I have a dataframe which looks like one given below. All the values for a corresponding id is the same except for the mappingcol field.
+--------------------+----------------+--------------------+-------+ |misc |fruit |mappingcol |id | +--------------------+----------------+--------------------+-------+ |ddd |apple |Map("name"->"Sameer"| 1 | |ref |banana |Map("name"->"Riyazi"| 2 | |ref |banana |Map("lname"->"Nikki"| 2 | |ddd |apple |Map("lname"->"tenka"| 1 | +--------------------+----------------+--------------------+-------+ I want to merge the rows with same row in such a way that I get exactly one row for one id and the value of mappingcol needs to be merged.

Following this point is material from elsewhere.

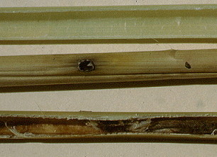| The exit hole (left) bored prior to pupation by the last instar larva is a potential weak point, but it is small relative to the large stems characteristic of deepwater rice. Entry by bacterial or fungal rot organisms is conceivable, although the hole is sealed with silk. The large elongated stems are fibrous, and it is common for the lower submerged internodes to die without loss of the stem as a connection between the original soil roots and the upper stem. |

The output should look like :
+--------------------+----------------+--------------------+-------+ |misc |fruit |mappingcol |id | +--------------------+----------------+--------------------+-------+ |ddd |apple |Map("name"->"Sameer"| 1 | |ref |banana |Map("name"->"Riyazi"| 2 | +--------------------+----------------+--------------------+-------+ the value for mappingcol for id = 1 would be :
Map( "name" -> "Sameer", "lname" -> "tenka" ) I know that maps can be merged using ++ operator, so thats not what im worried about. I just cant understand how to merge the rows, because if I use a groupBy, I have nothing to aggregate the rows on.